Each of the residents were given specific tasks that matched their skills and abilities. While most of the residents participated in sticking the cups together, only some of the residents that still have good hand control were able to do the painting of the stained glass windows, while others stained the wooden frame of the cathedral and one lady in particular, Anne Cavanagh, placed over 4000 of the bricks into the moulds ready for me to come along and stick together. 7 of our Dementia wing residents took part as well. They were fantastic, always ready to help out. They were able to do most of the tasks asked of them with only the occasional prompting and reminding of what they were required or asked to do. Even the other residents that weren’t actively involved in the Cathedral’s construction would come along and watch the Lady Rose Cathedral taking shape.

It was called “The Lady Rose Cathedral”, in honour of all the ladies that helped in its construction and in particular resident Barbara Gould, (our English rose), who donated the crystal cross that adorns the Cathedral’s steeple.

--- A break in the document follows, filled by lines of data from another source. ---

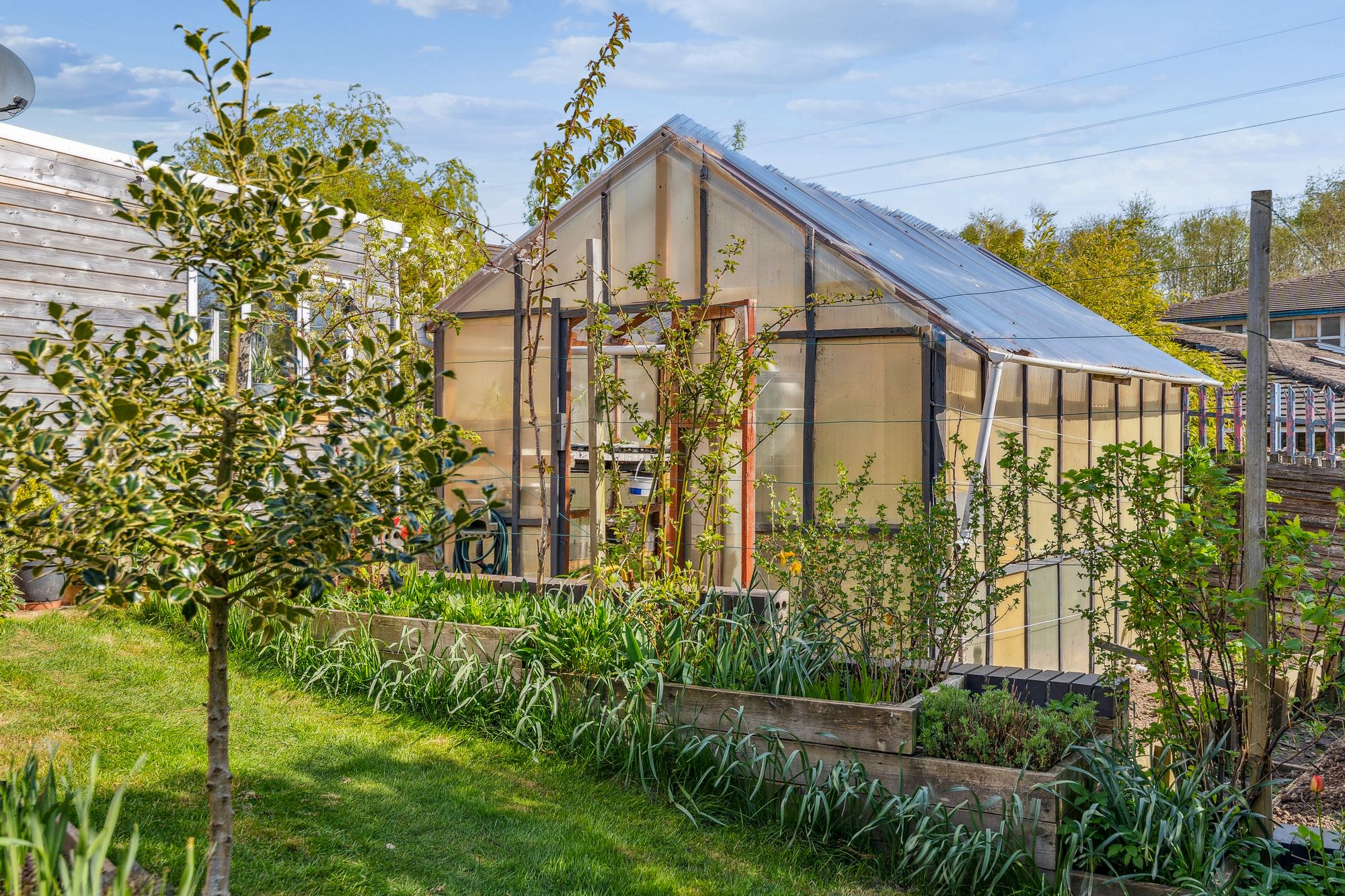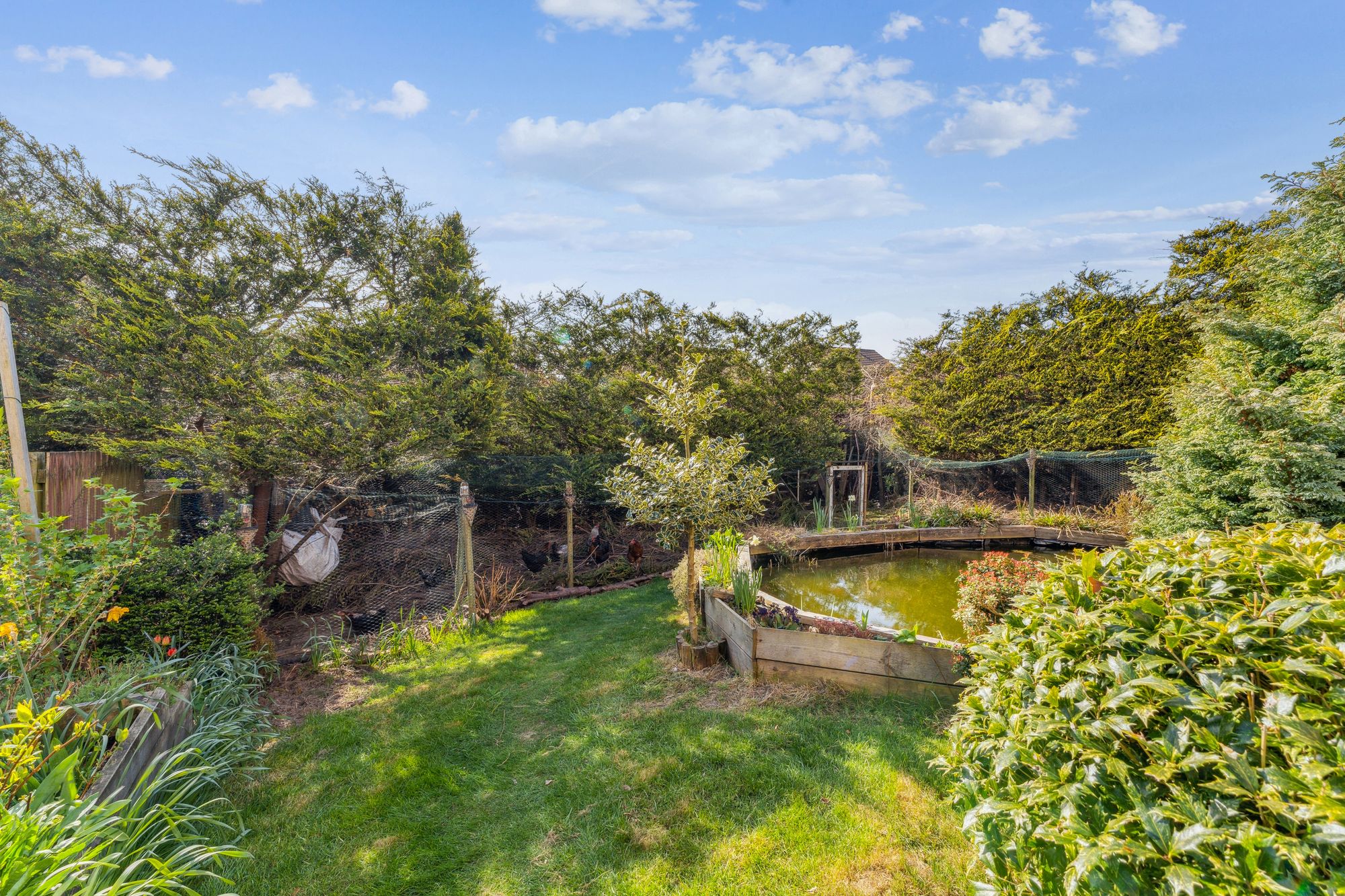 The back garden is undoubtably one of the best features of the property and is a true oasis. It is completely unoverlooked and is particularly leafy with sections of bedded plants/shrubs, a lawn, a large pond and greenhouse.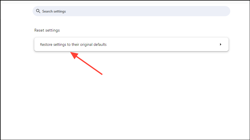 - On the Reset Settings page, click on 'Restore settings to their original defaults' and then on 'Reset Settings' when the prompt appears.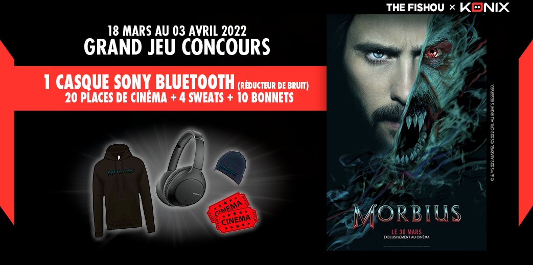 Jeu TheFishou n°345891 pour gagner 1 casque audio à réduction de bruit Sony , 4 sweat du film Morbius , 20 places de cinéma pour le film Morbius , 10 bonnets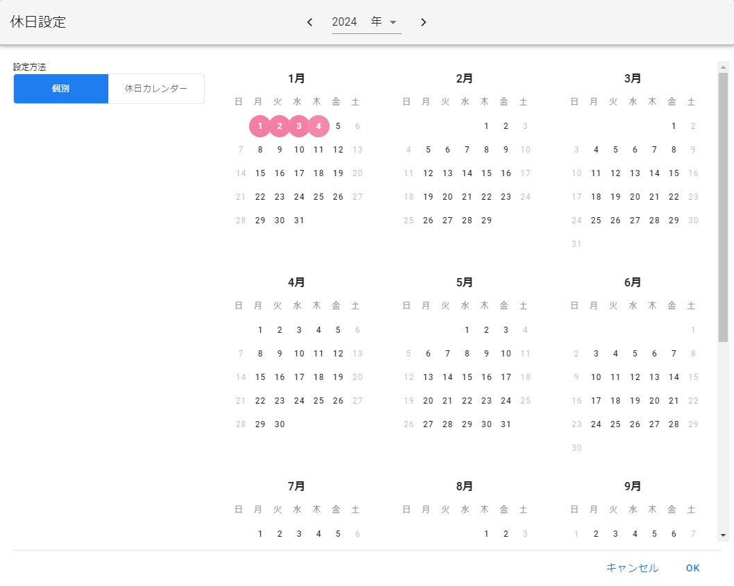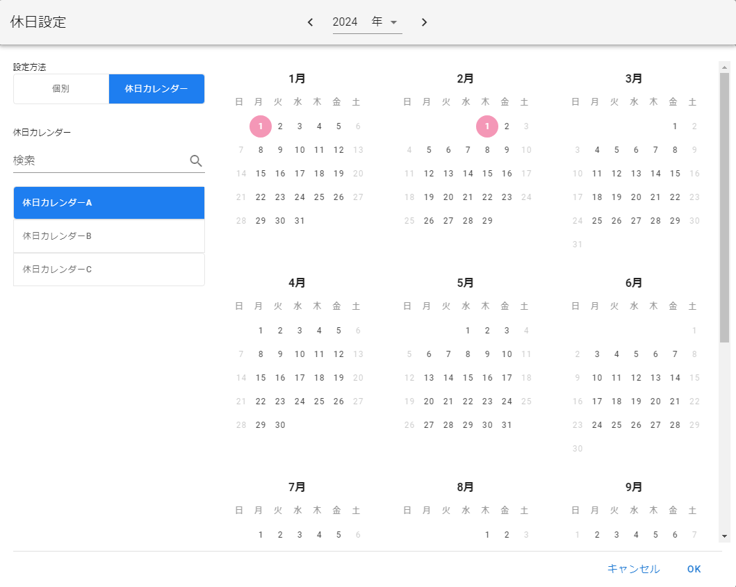 - 設定方法で休日カレンダーを選択した場合は、表示された日付はすべて読み取り専用となり変更は行えません。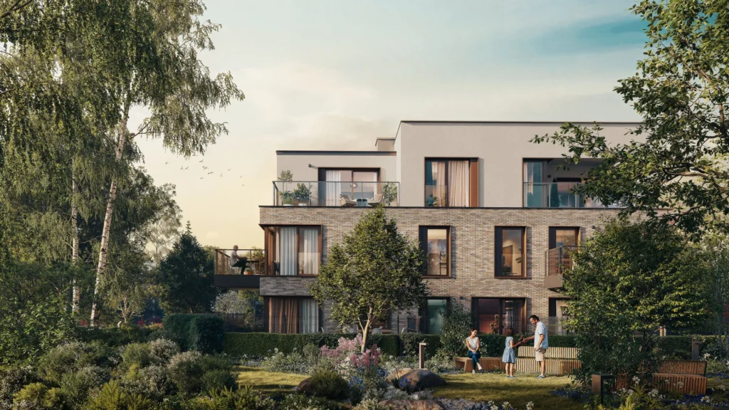Estetyka i wygoda przyświecały zespołowi projektantów. Na elewacje wybrali okładzinę o fakturze drewna oraz rozwiązania nawiązujące do cegły klinkierowej. Ponadczasowa, ciepła kolorystyka spodoba się najbardziej wymagającym – zaplanowaliśmy różne odcienie szarości, beżu i kolorów ziemi. Aby nadać lekkości bryłom budynków, balustrady balkonów będą szklane. Zachwyt mieszkańców i odwiedzających ich gości wzbudzą również części wspólne – strefy wejść czy hole. Zgodnie z najnowszymi trendami mieszkania będą ekologiczne – na osiedlu zamontujemy pompy ciepła.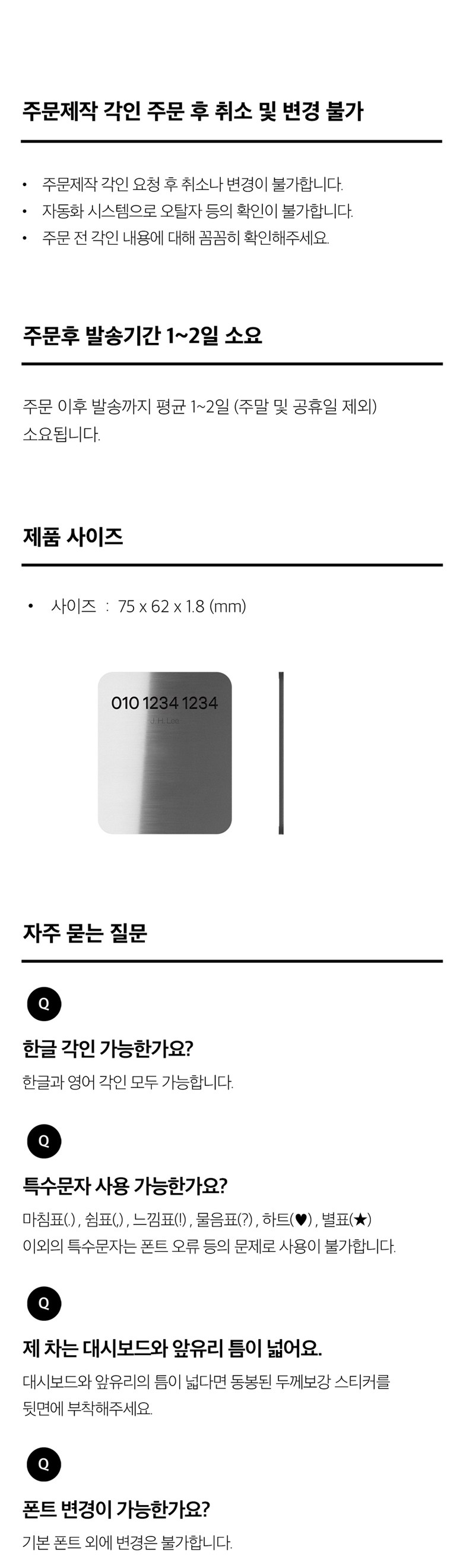 | 배송방법 | 주문제작 | 배송비 | 무료배송 · 도서산간 추가 배송비 - 제주 지역: 2,500원 - 도서산간 지역: 2,500원 |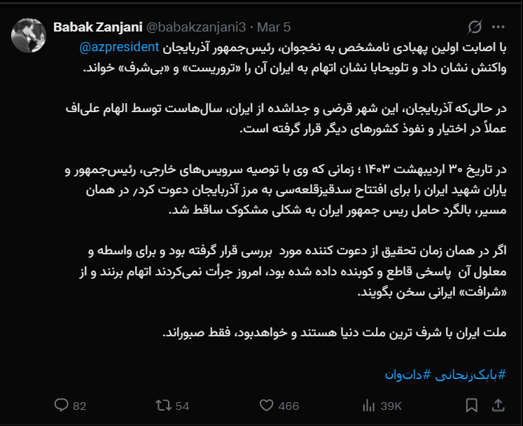 با اصابت اولین پهبادی نامشخص به نخجوان، رئیسجمهور آذربایجان @azpresident واکنش نشان داد و تلویحا با نشان اتهام به ایران آن را «تروریست» و «بیشرف» خواند.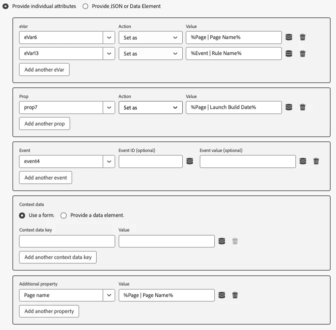 Map your eVars and props to data elements, set events, and pass context data and additional properties.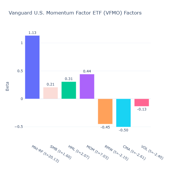 VFMO also has strong momentum (MOM = 0.44, t = 7.03) but adds other factor tilts: positive value (HML = 0.31, t = 2.07), strong negative profitability tilt (RMW = -0.45, t = -2.15) and strong aggressive investment tilt (CMA = -0.50, t = -2.61).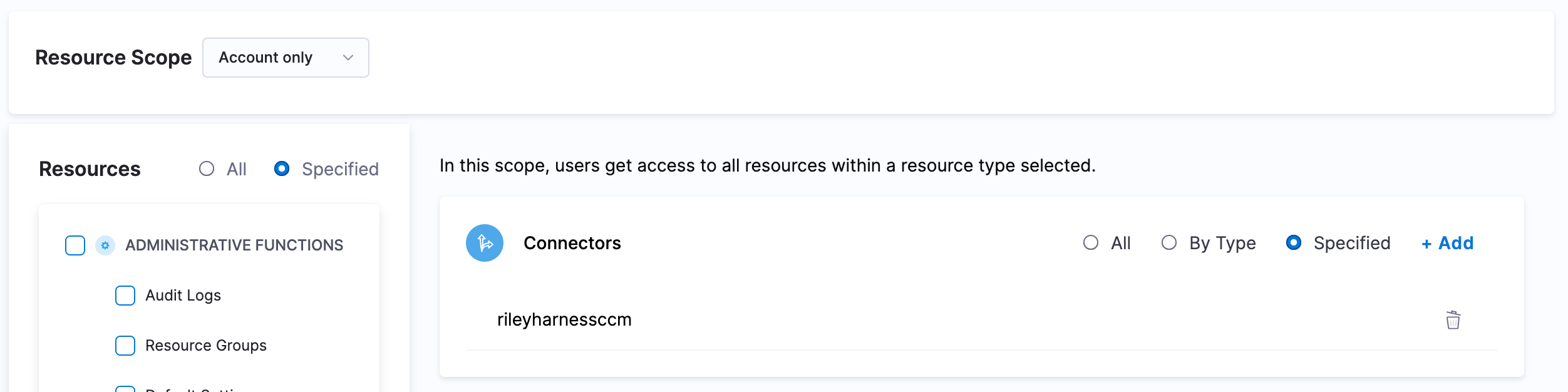 Under "Shared Resources" select "Connectors" and then "Specified". Here you can select all the CCM AWS Account Connectors for the accounts which you want to give access to.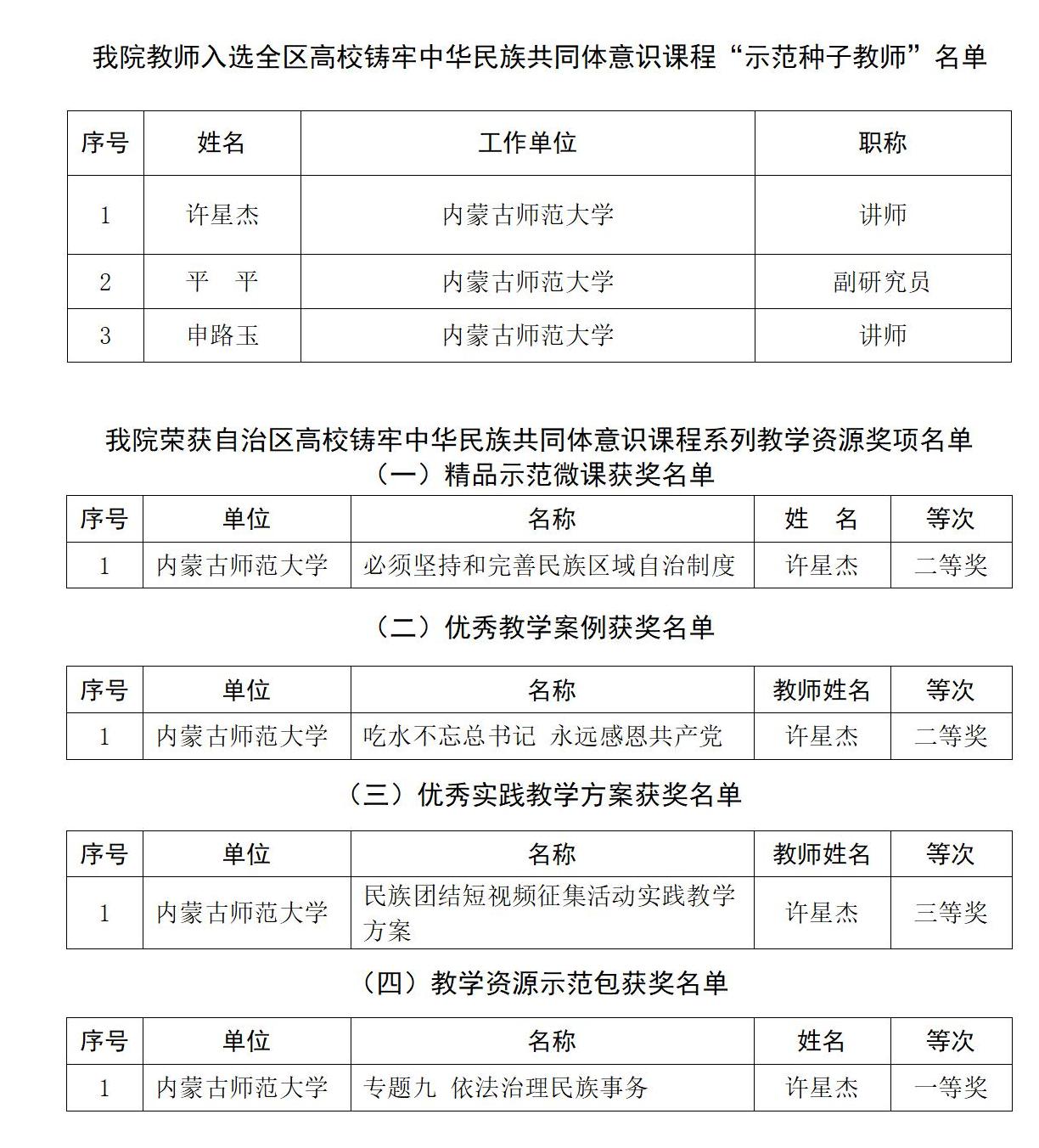 近日,自治区教育厅公布了自治区高校铸牢中华民族共同体意识课程“示范性种子教师”名单和系列教学资源获奖名单,米兰官网铸牢中华民族共同体意识课程教研室3位青年教师许星杰、平平、申路玉被评为“示范性种子教师”;许星杰荣获自治区高校铸牢中华民族共同体意识课程系列教学资源奖项4项,包括“教学资源示范包”一等奖、“精品示范微课”二等奖、“优秀教学案例”二等奖和“优秀实践教学方案”三等奖。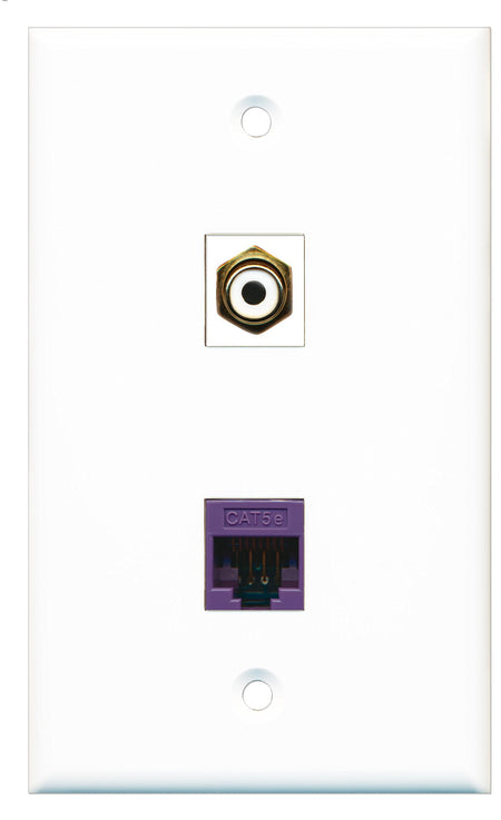 RiteAV - 1 Port RCA White - 1 Port Cat5e Ethernet Purple Wall Plate White - Bracket Included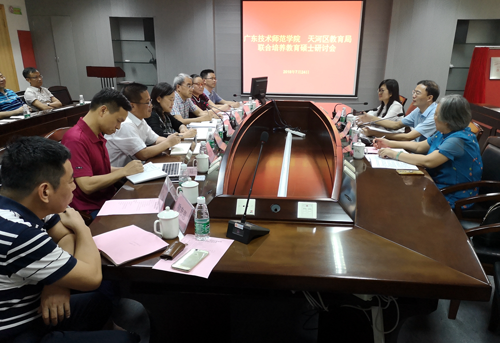7月24日,天河区教育局局长曾东标、副局长谢向红一行3人来我院洽谈教育硕士专业学位研究生联合培养合作事宜,学院副院长戴青云出席会议,研究生处、院办、规划处、教师培训与继续教育学院、职业教育研究院负责人,各教育硕士学科领域(方向)所属二级学院院长(分管研究生教育的副院长)参加了会议。会议由研究生处处长崔怀林主持。

Barbara also donated another crystal cross for use on the castle.

Since the cathedral’s completion we have had many visitors from local and interstate who have come especially to see our wonderful Cathedral and we even received a congratulatory letter from Queen Elizabeth II.

In July of 2014, the Lady Rose Cathedral went on display at St Peter’s Cathedral in North Adelaide, with many local and international visitors signing our visitor’s book, our little cathedral proved to be very popular. It even appeared on TV with Channel 7 News doing a feature story on it and also was covered by ABC Radio on 2 separate occasions as well as appearing in various print media publications.

Even before the Lady Rose Cathedral was finished, the residents were asking what they were going to build next year. So following on from the success of the cathedral, St Nick’s Castle was the next project. Resident Milly Dawes asked if they could make Santa’s home at the North Pole. So it was up to Darren again to design and help construct the castle. This time he had 20 of the residents helping as well as many volunteers. It is made up of over 15 000 of the little pill cups this time. The residents stuck them all together and even plastered and painted the woodwork.

St. Nick’s Castle stands 7 foot tall and 6 feet wide at the base and was quite a sight at the Christmas Festival next to the cathedral from last year. This year the castle came second in the People’s Choice Awards and also received a special award from the judges for an amazing achievement.

Our volunteers were absolutely amazing. They work so well with the residents, at times just being there to offer assistance and prompting, while at other times sitting down next to the residents and sharing the workload together all working as a team
Both the Lady Rose Cathedral and St. Nick’s Castle were part of the Quality Improvement Program at the home with aim to encourage resident participation, creativity and a sense of belonging.

Anna, our 101 year old Austrian lady, even said to me that it reminded her of the church she used to visit as a little girl with her grandmother many years ago. Another resident, Roger said that he goes outside his room and sits in the lounge chair and just looks at the cathedral at night till he falls asleep.

Having completed both projects now, looking back, especially on the Lady Rose Cathedral, (the resident’s favourite), I couldn’t have asked for a more successful project. Almost by accident we came up with the idea of a little church which eventually turned into our cathedral. The residents were so enthralled by the construction and end result of the project, with many saying how wonderful it is, especially with the lights on at night.
Since the completion of both projects they have been on display at Barunga Village over the Christmas and New Year periods.

Unfortunately due to a lack of room, we are currently looking for a permanent home for both projects, with the blessing of the residents, of course.